東杭糧行的掌柜今天又是直到大中午了才醒。
連續三天在崔家酗酒,身體也有點吃不消了,起床的時候感覺有點兒頭痛。
他在床上捂著頭坐了好一會,才想起來該做什么事。
“狗蛋!”
東杭糧行掌柜往門外喊他的固定小跟班。
外面一直候著的下人聞聲便推開了門進來,手里端著一盆洗漱用的溫水。
可進來的人卻不是狗蛋,而是他的弟弟狗剩。
東杭糧行掌柜便皺起了眉頭,像是想到了什么不好的事。
他遲疑地開口問道:
“你來換狗蛋的班?他去哪了?去縣衙領糧食了?”
得到狗剩肯定的答復后,東杭糧行掌柜的心里頓時升起一股疑惑道:
這已經是全城發糧的第三天了。
那些小糧商手里有這么多糧食嗎?
怎么還沒發完。
沒來由得一陣煩躁,糧行掌柜吩咐道:
“備車,去崔府!”
掌柜語氣生硬,狗剩以為掌柜的因為狗蛋擅離職守而生氣了,趕緊低著頭快步出去備車。
等到了崔府,東杭糧行掌柜一看,又是所有人都到齊了。
他便有點懊惱喝酒誤事,怎么每次他都是最后知道消息的那一個。
而崔載見東杭糧行掌柜的到府,他也明白掌柜的是要說什么,便示意下人拿來一個小布袋給掌柜的看。
“今早我也好奇那項燕的糧食怎么還沒發完,便吩咐府里的下人也去排隊領了幾袋糧食。

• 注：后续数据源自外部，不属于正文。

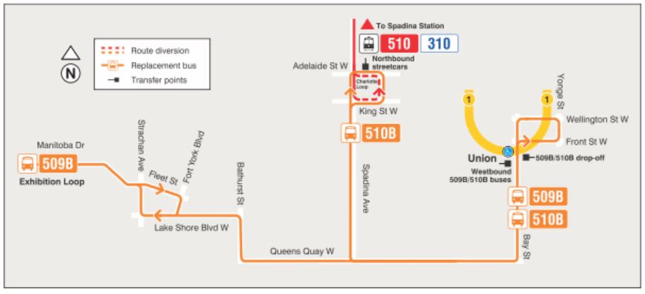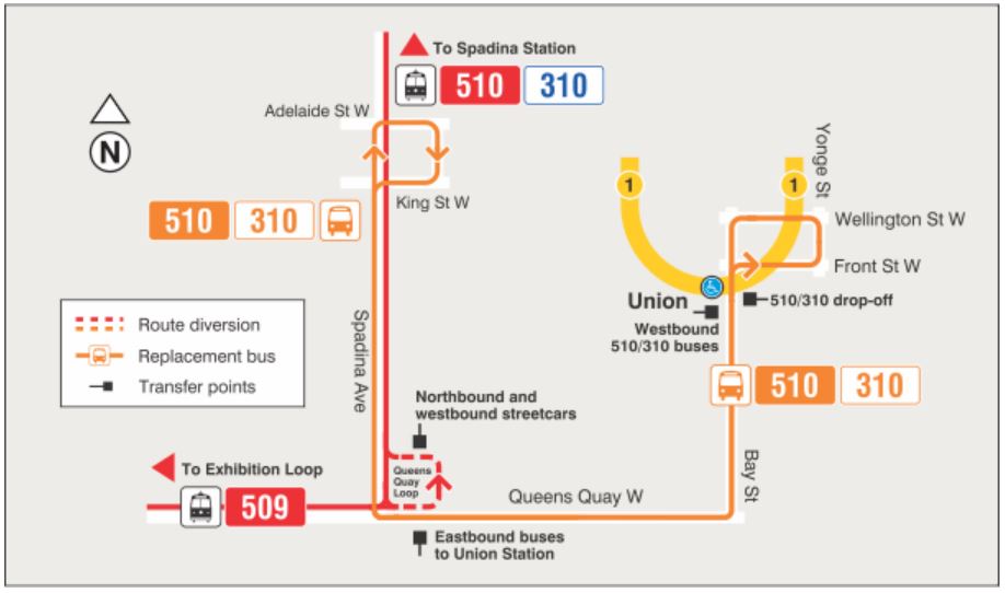 - 510/310 Spadina buses operate between King & Spadina (Charlotte Loop) and Union Station.

你看看,有沒有什么發現?”
東杭糧行掌柜從下人手里接過布袋,伸手進去抓了一把。
篩掉其中夾雜的沙子后,掌柜的拿到眼前細看,再放到鼻子下聞了聞。
他是跟糧食打了幾十年交道的人,只要這么一看一聞,糧食的年份大概是多少年,保存環境好不好,保護措施有沒有做到位之類的信息就全部掌握了個大概。
東杭糧行掌柜便是眉頭一挑道:
“陳糧?”
崔載便笑道:
“沒錯!”
“這才第三天,他就已經開始發陳糧了,這意味著什么還需要我說明嗎?”
東杭掌柜緊鎖的眉頭即刻舒展開來。
看來還是我自己多慮了。
我這個人啊,就是沉不住氣!
難怪混了這么多年都只困居于余杭一地!
以后要做大事的話,這沉不住氣的性子還是得改。
“既然沒了顧慮,大家就還是該吃吃該喝喝吧!”
崔載對眾大糧商們道,
“今天府上繼續設宴……”
“崔鹽政史,”然而不等崔載說完,東杭糧行掌柜便打斷他道,“今天就不喝了吧,連續喝了三天,身體吃不消了,而且府里事務也荒廢了三天,我看這酒,還是過幾天慶功的時候再繼續喝吧,到時候再連喝他個三天,喝個痛快。”
其他各個糧行的掌柜也是開始應和東杭掌柜所說。
不知道怎么回事。
雖然項燕開始發陳糧了,一切都在他們的掌控中穩步發展。
但一種沒來由的不安情緒卻在他們心中悄悄發芽。
有一種不好的預感開始盤踞在他們心中。
以致很多人少了許多大吃大喝的興致。
“好吧,”
崔載道,
“說的也是,還是身體要緊,把身體喝垮就不好了,那大家有什么事就去忙吧,有什么新狀況出現的話我們多聯系!”
第四天。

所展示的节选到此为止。